Kata manthiq (bahasa Arab) berasal dari
kata nathaqa - yanthiqu – nuthqan/manthiqan (نطق - ينطق – نطقا ومنطقا ). Jadi kata manthiq adalah mashdar
mimiy dari nathaqa yanthiqu, yang artinya berkata, bertutur atau
berbicara.
[1] Mantiq sepadan artinya dengan logika, yang
diturunkan dari kata sifat logike (bahasa Yunani) yang
berhubungan dengan kata benda logos yang artinya pikiran atau
kata sebagai pernyataan dari pikiran. Ini menunjukkan bahwa ada hubungan yang
erat antara perkataan dengan pikiran.
[2] Dengan demikian mantiq
atau logika berarti berkata atau berbicara dengan menggunakan pikiran.
Kata nathaqa terdapat
dalam al-Qur’an, salah satunya dalam bentuk kata kerja untuk masa sedang dan
akan datang (fi’il mudhari’), yaitu pada ayat 3 surat al-Najm.

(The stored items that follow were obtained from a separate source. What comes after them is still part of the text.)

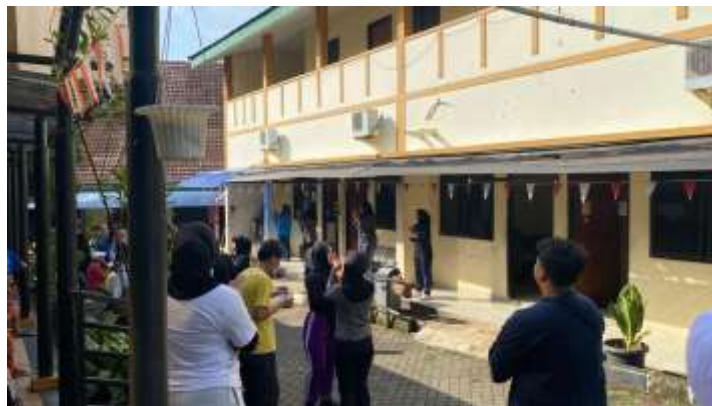
Gambar 20 Senam Pagi

Senam pagi dilaksanakan secara rutin setiap hari Selasa dan Jumat pukul 08.00 WIB sebagai bagian dari program menjaga kesehatan fisik dan meningkatkan kesejahteraan lansia di Panti Sosial Tresna Werdha Budi Mulya 1. Kegiatan ini dipandu oleh instruktur senam profesional yang telah berpengalaman dalam membimbing lansia, sehingga setiap gerakan yang diberikan disesuaikan dengan kemampuan dan kebutuhan para peserta. Pelaksanaan senam berlangsung selama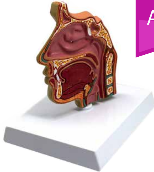
Figura Anatómica Senos Paranasales CÓDIGO: AM003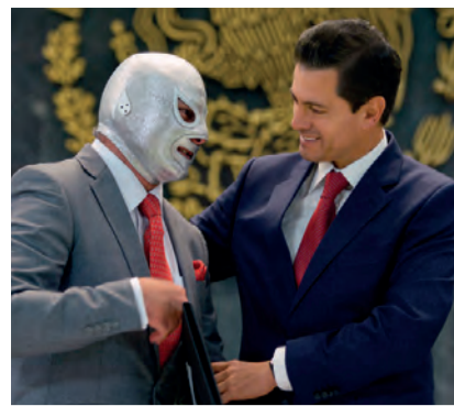
EL PRESIDENTE, ayer, con el Hijo del Santo, durante el reconocimiento del mérito deportivo.

El mandatario pide trabajar para que se convierta en un hábito en la sociedad; destaca que esta actividad reforzará valores y disciplina; al entregar distinciones a atletas por sus logros, dice que, al igual que en el deporte hay avances, pero se deben reconocer políticas que no han sido del todo acertadas; admitir fallas es parte del aprendizaje, afirma. págs. 3 y 14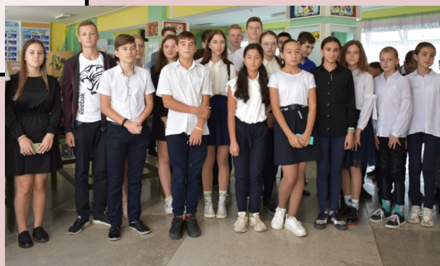
Благодарный зритель выставки: 10 и 7 классы.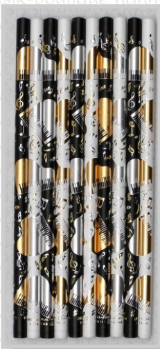
PS 26 34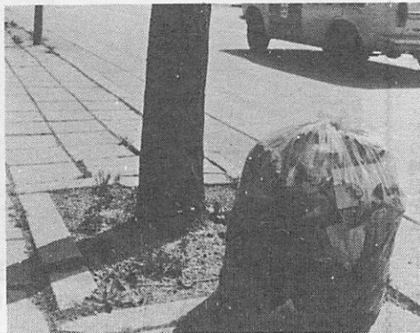
夏にはマツバボタンが可れんな花を咲かせて、道行く人の心をなごませてくれます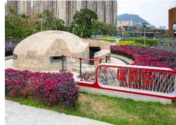
「大磡村三寶」——（左起）前皇家空軍飛機庫、石寓、機槍堡。

公園設有標誌着香港電影黃金歲月的李小龍徑和相關藝術裝置，電影元素更融入部分遊樂設施，傳承本土文化。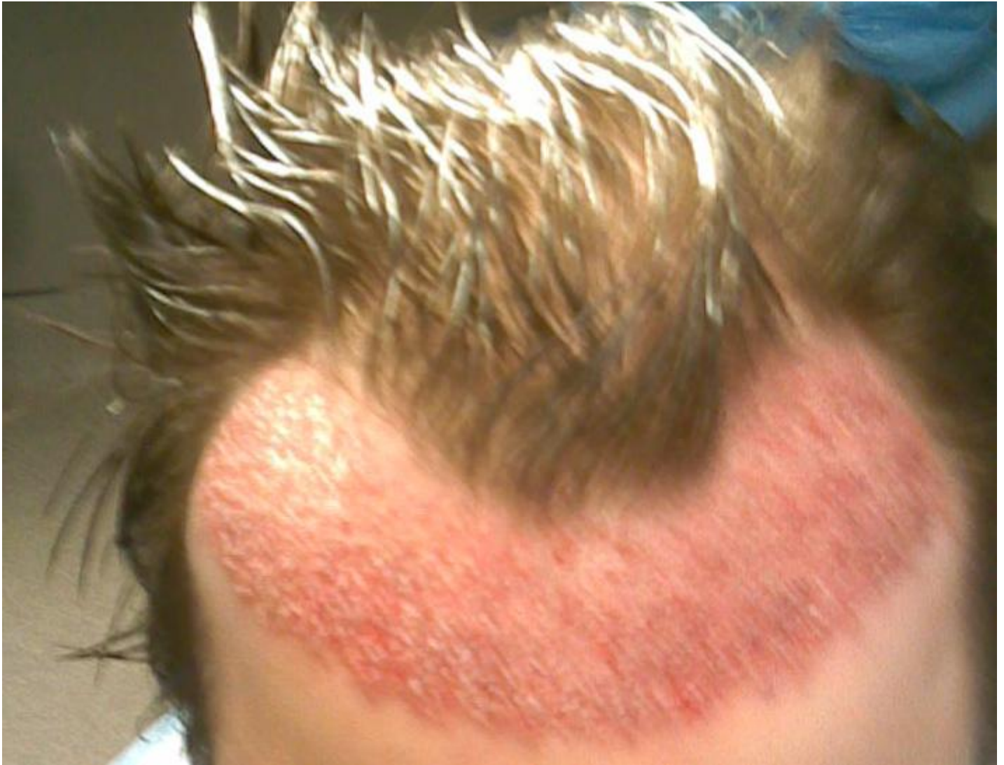
2) haarlinie.JPG , downloaded 2278 times

وما ينطق عن الهوى إن هو إلا وحي يوحى (النجم ۳)
Artinya: Dan Muhammad itu
tidaklah menuturkan (al-Qur’an) karena keinginan dirinya, melainkan yang ia
sampaikan itu adalah wahyu yang diwahyukan (Allah kepadanya).

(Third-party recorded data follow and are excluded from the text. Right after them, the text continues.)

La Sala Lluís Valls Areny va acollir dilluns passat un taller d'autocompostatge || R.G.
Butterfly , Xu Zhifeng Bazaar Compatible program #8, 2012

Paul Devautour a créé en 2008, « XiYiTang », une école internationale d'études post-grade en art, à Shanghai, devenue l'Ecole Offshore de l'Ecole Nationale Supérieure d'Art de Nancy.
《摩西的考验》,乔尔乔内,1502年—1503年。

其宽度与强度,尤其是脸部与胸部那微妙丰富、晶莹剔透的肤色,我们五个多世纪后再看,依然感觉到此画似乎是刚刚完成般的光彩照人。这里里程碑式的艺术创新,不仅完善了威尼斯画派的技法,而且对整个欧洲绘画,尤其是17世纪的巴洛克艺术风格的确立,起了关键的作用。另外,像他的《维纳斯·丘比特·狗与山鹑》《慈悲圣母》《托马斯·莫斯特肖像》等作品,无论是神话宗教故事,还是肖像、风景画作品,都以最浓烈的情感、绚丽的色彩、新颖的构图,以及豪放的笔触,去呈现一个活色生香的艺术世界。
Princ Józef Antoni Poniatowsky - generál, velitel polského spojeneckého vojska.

Secara sederhana mantik berarti ucapan yang benar atau tutur kata yang
mengandung kebenaran. Selain kata mantik juga dikenal kata logika.
[3] Istilah
logika berasal dari bahasa Yunani, logos yang artinya perkataan, uraian,
penuturan dan alasan. Kata logika sering terpakai atau terdengar dalam
keseharian. Pengertian secara
singkat ialah sesuatu itu masuk akal atau tepat menurut akal. Jika sesuatu
tindakan atau yang terjadi itu sesuai menurut akal atau masuk akal maka
dinamakan dengan logis.
[4] Untuk memahami apa
sebenarnya logika itu maka harus dikenal terlebih dahulu apakah yang dimaksud
dengan penalaran itu sendiri? Penalaran, menalar atau nalar berarti
menganalisa, atau sebuah bentuk upaya berpikir atas sesuatu.

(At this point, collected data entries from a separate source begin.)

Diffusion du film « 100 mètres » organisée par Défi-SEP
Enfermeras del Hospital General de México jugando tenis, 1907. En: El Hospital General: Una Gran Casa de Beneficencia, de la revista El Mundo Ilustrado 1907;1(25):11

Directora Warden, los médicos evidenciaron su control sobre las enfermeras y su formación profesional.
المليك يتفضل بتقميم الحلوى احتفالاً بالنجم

Dalam bahasa Arab nalar itu
disebut dengan kata fakara (berpikir), yakni upaya untuk
mengetahui dan memahami sesuatu menurut apa adanya. Sedangkan ilmu logika
disebut dengan ilmu manthiq, yaitu suatu ilmu tentang kaidah-kaidah
yang membimbing manusia dalam berfikir agar terhindar dari kekeliruan dan tidak
salah dalam menarik kesimpulan.
III. Falak
PENGERTIAN ILMU FALAK
Kata “falak” berasal dari kata Arab al-falak (الفلك)yang secara harfiah berarti tempat beredar atau orbit. Dalam peradaban Islam khususnya zaman tengah, ilmu falak lebih dikenal dengan sebutan ilmu haiah (علم الهيئة) yang menurut al-Mas’udi (w. 346 H/957 M) merupakan padanan istilah Yunani “astronomi”. Sebaliknya di zaman modern istilah ilmu falak lebih banyak digunakan.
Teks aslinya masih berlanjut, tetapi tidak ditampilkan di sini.